### Available data
------------------------------------------------------------

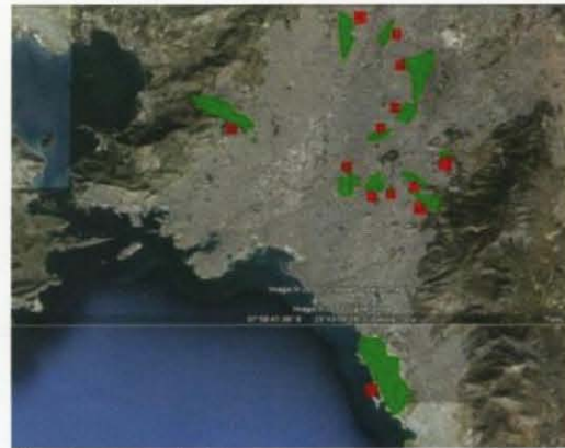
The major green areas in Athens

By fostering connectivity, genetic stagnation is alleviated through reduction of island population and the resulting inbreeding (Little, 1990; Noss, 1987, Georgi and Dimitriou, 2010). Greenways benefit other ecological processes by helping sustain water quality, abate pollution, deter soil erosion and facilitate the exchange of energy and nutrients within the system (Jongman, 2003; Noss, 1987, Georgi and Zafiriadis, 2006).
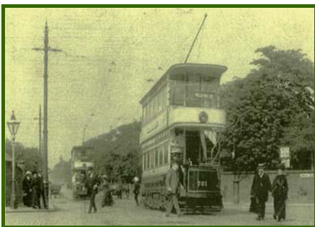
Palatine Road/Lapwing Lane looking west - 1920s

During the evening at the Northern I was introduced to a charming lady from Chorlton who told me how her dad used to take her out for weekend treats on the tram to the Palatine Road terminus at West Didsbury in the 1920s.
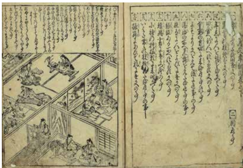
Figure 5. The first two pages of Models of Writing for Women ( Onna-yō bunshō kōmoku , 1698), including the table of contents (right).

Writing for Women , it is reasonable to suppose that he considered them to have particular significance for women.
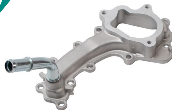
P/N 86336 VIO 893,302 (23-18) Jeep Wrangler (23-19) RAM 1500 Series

------------------------------------------------------------

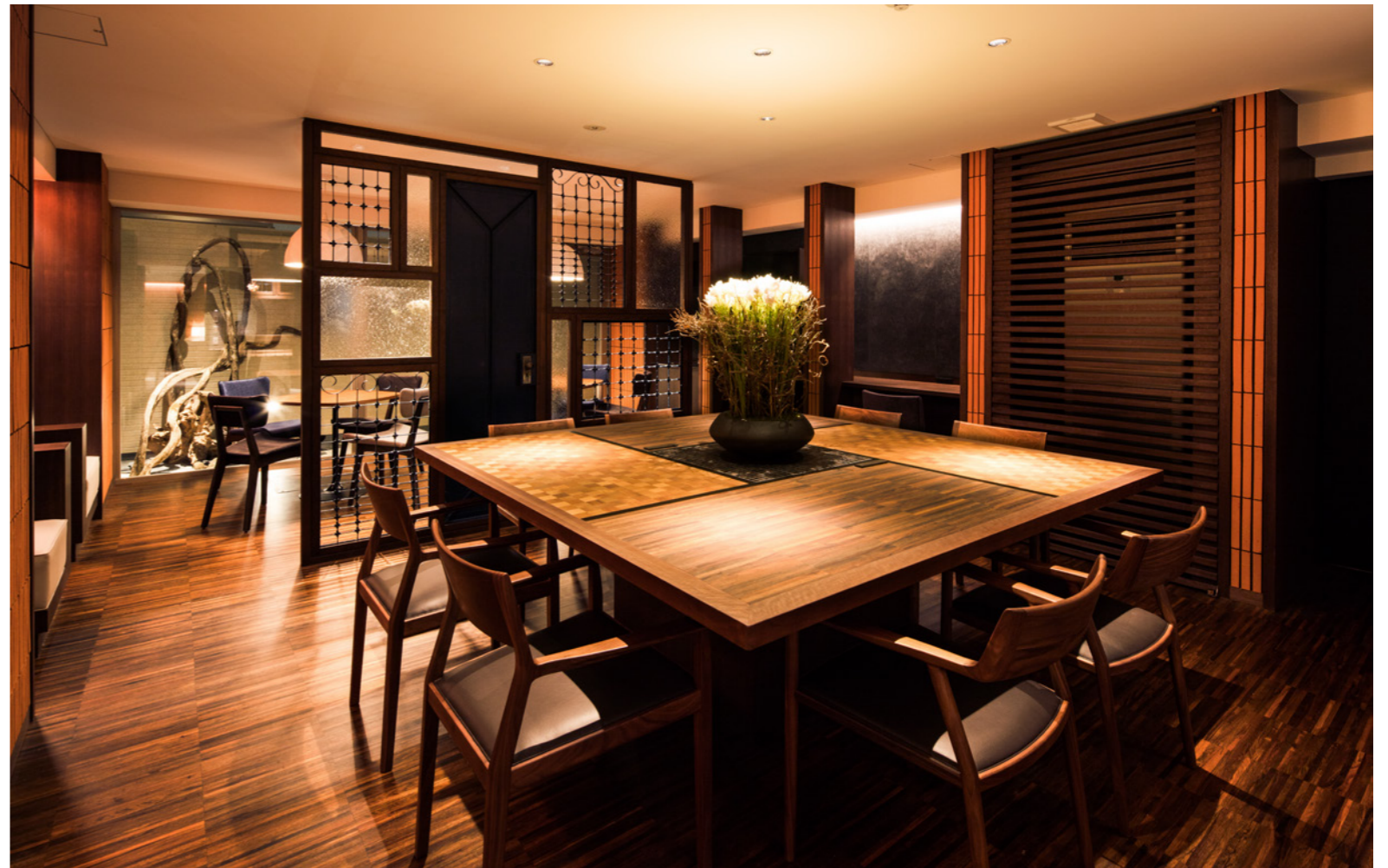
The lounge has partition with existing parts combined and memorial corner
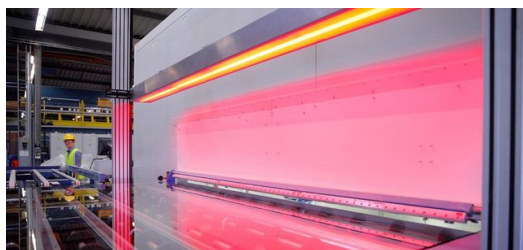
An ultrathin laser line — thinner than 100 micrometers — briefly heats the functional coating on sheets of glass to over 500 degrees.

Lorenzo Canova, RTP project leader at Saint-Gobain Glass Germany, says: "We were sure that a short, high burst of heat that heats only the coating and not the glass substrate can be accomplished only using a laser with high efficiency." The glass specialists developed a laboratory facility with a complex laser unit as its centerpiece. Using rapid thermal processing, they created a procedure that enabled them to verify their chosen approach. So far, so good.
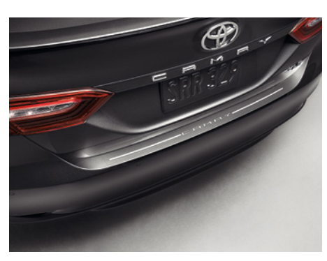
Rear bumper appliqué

------------------------------------------------------------

### Problem description
Write out each line above with the word "that".

### Expected answer
Writing for Women , it is reasonable to suppose that he considered them to have particular significance for women.
Lorenzo Canova, RTP project leader at Saint-Gobain Glass Germany, says: "We were sure that a short, high burst of heat that heats only the coating and not the glass substrate can be accomplished only using a laser with high efficiency." The glass specialists developed a laboratory facility with a complex laser unit as its centerpiece. Using rapid thermal processing, they created a procedure that enabled them to verify their chosen approach. So far, so good.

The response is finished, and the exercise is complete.